Work instruction
For this exercise, return exactly the lines of the material below that begin at the one with "BLACK KNIGHT NITRO" and stop after the one with "ISCO combining persulfate".
──────── Input material ────────
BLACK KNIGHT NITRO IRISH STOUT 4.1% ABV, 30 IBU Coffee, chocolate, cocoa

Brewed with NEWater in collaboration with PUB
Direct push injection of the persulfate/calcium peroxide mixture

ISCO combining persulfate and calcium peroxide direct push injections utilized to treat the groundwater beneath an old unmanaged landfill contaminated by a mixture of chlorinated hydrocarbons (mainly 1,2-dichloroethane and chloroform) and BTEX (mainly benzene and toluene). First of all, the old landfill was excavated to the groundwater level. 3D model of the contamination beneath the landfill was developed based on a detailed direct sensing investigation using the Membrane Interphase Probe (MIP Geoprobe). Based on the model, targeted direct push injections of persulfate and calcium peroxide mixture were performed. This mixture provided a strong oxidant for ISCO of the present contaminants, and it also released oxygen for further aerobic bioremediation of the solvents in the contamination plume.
────────
──────── Input material ────────
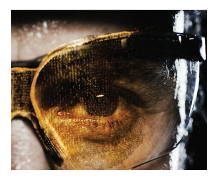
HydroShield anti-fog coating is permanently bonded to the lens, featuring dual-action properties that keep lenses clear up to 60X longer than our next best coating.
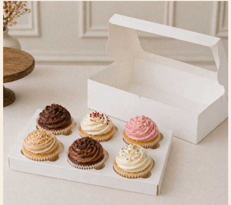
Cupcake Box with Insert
────────
Response box
BLACK KNIGHT NITRO IRISH STOUT 4.1% ABV, 30 IBU Coffee, chocolate, cocoa

Brewed with NEWater in collaboration with PUB
Direct push injection of the persulfate/calcium peroxide mixture

ISCO combining persulfate and calcium peroxide direct push injections utilized to treat the groundwater beneath an old unmanaged landfill contaminated by a mixture of chlorinated hydrocarbons (mainly 1,2-dichloroethane and chloroform) and BTEX (mainly benzene and toluene). First of all, the old landfill was excavated to the groundwater level. 3D model of the contamination beneath the landfill was developed based on a detailed direct sensing investigation using the Membrane Interphase Probe (MIP Geoprobe). Based on the model, targeted direct push injections of persulfate and calcium peroxide mixture were performed. This mixture provided a strong oxidant for ISCO of the present contaminants, and it also released oxygen for further aerobic bioremediation of the solvents in the contamination plume.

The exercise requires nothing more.